My NiDan couldnt leave without saying hi to me - we are friends as well. and my brown belt friend complimented me on my soto uke ....said I was quite good. 

I could use some advice though. so I have 2 weeks remaining as a white belt. Any advice you nice folks can give me here between now and then would be greatly appreciated! 

~ Blade ~


----------



## repz (Feb 13, 2010)

I usually hold every movement for minutes. Like stepping back into a front stance and performing a low block, i would step back, check my footwork and raise the arms into the start of the low block, then hold for a minute, then i finish the movement, shoot out the block and hold it while checking my form for another minute. This helps me re-enforce my form and also helps develop the muscles to keep that stance stable and firm.

I had a problem with the knifehand black and back stance, so i would do each movement, and the final stance slow and hold for 5 minutes.


----------



## Blade96 (Feb 14, 2010)

Thanks. I might do that too.


----------



## dbell (Feb 14, 2010)

Best of luck on all counts!!  Just remember to breath and don't over think anything!


----------



## Blade96 (Feb 14, 2010)

Thanks, Mr Bell.


----------



## Brandon Fisher (Feb 16, 2010)

Do your best, focus on your kata and kihon especially the details.

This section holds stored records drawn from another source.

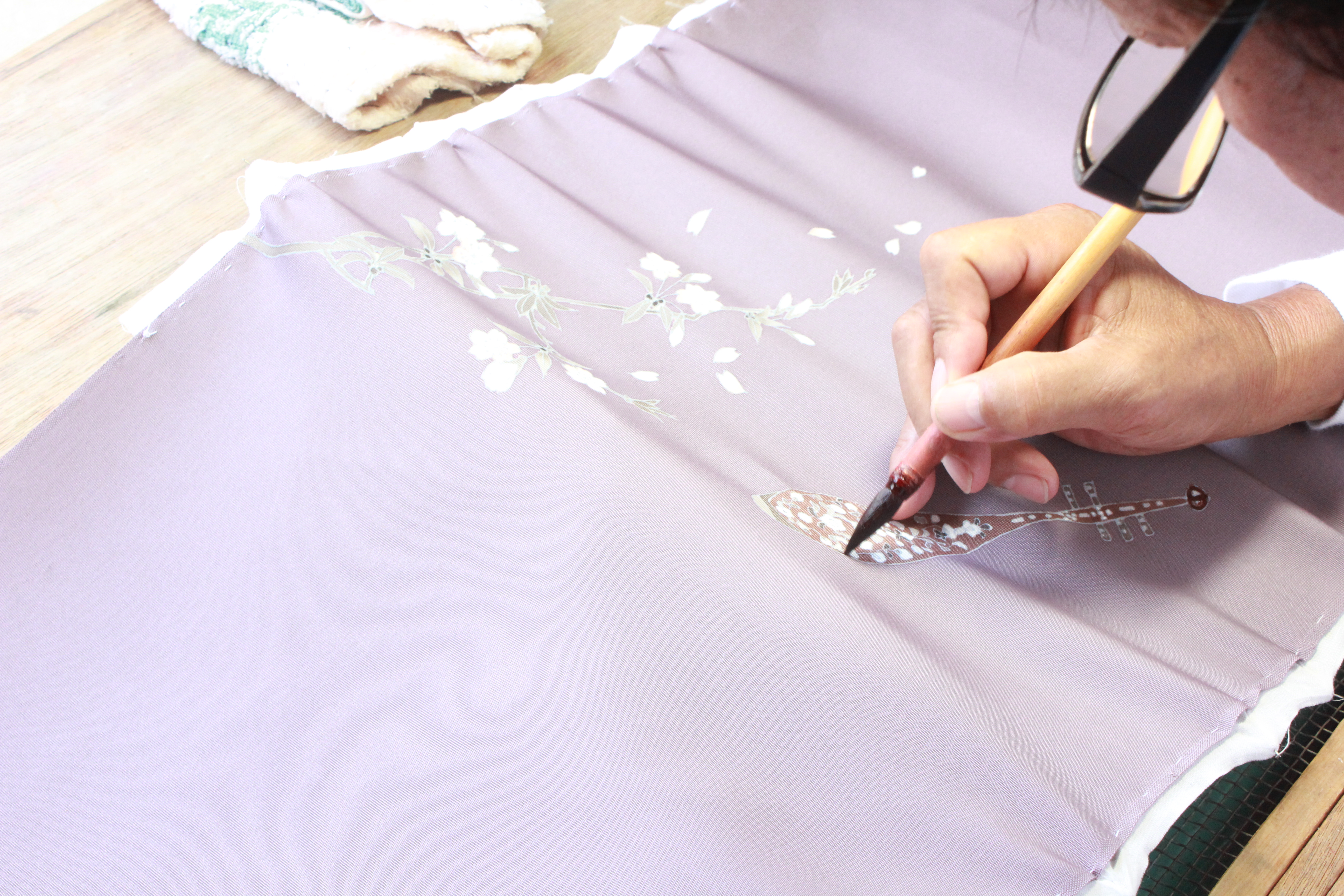 図案作成―生地購入―下絵―糸目、糊伏せ―地染―蒸し、水元―友禅―蒸し、水元、水洗―湯のし―柔軟仕上げ―金彩―仕立て
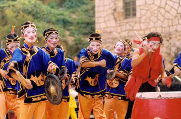大奏鼓,源于福建,流传于温岭石塘,舞蹈动作粗犷而诙谐,舞者男扮女装,独具地方特色。2008年,被列入国家级非遗名录,被《中国民间舞蹈集成大全》誉为中国渔村第一舞。幸福
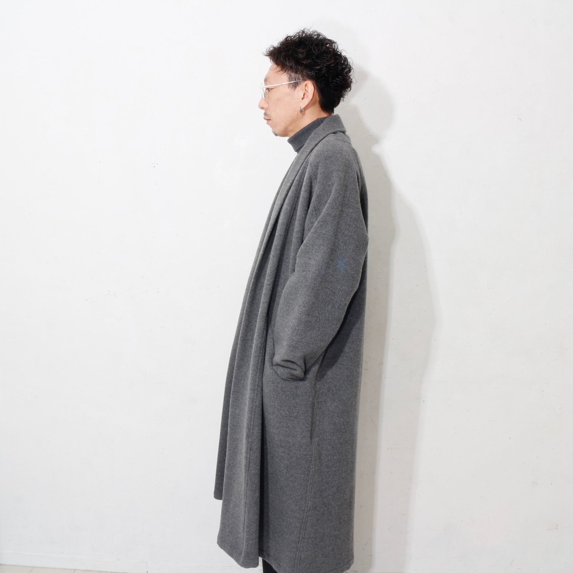 日本の綿入れの半纏から発想しています。洋服のコートのように裾は広がっておらず、衿を立てて前を合わせると着物のような合わせになるロングコートです。
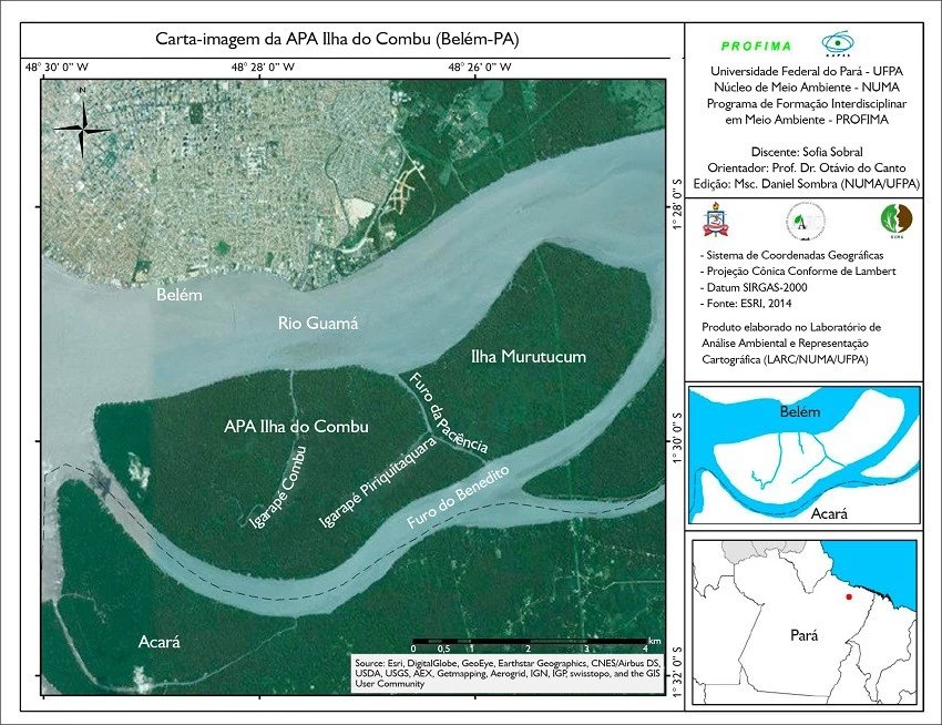 A Ilha do Combu é a quarta maior ilha do município de Belém, com 15,9 quilômetros quadrados de extensão, localizada a apenas 1,5 quilômetro do centro da capital paraense. Cercada pelo rio Guamá, pelo furo São Benedito, pelo furo da Paciência e pela Baía do Guajará, o Combu forma um mosaico de rios, igarapés e floresta de várzea que sustenta uma população estimada em cerca de 1,5 mil habitantes, segundo a Prefeitura de Belém (furos são espécies de “canais” de água, formados naturalmente próximos a rios e lagos).
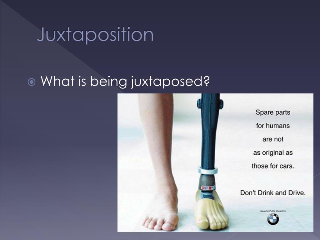 Juxtaposition • The prosthetic foot is being juxtaposed with the normal one to emphasize it even further. It pushes the viewer to put themselves into the situation and it evokes a stronger feeling. • What is being juxtaposed?
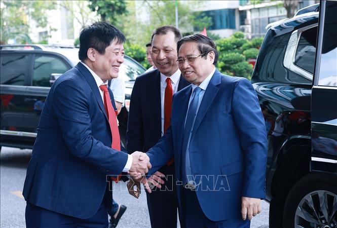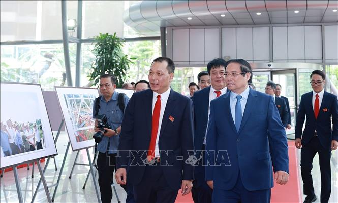 Thủ tướng Phạm Minh Chính đến dự Đại hội Đảng bộ Tập đoàn Điện lực Việt Nam lần thứ IV, nhiệm kỳ 2025 - 2030. Ảnh: Dương Giang/TTXVN
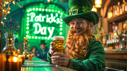 St. Patrick's day leprechaun drinking a beer in an irish pub, saint patrick day neon text in the background of the bar, smiling and wearing a green costume and hat

Ganbatte (&#12364;&#12435;&#12400;&#12387;&#12390


----------



## Blade96 (Feb 17, 2010)

Thanks, Brandon. Will do.


----------



## 72ronin (Feb 25, 2010)

Good luck Blade, i have total faith in your abilities.

Best wishes
72ronin


----------



## Blade96 (Feb 25, 2010)

Hehe thanks.

24 hours from now

i got butterflies I never watched or seen a karate grading before. This'll be my first. but someone told me that a butterfly is good cause it means I understand whats about to happen. All righty then.

i envy the new little white belts though who just joined cause they'll get to watch a grading before they actually grade themselves, the next grading's in august. I never got to do that. Sigh.


----------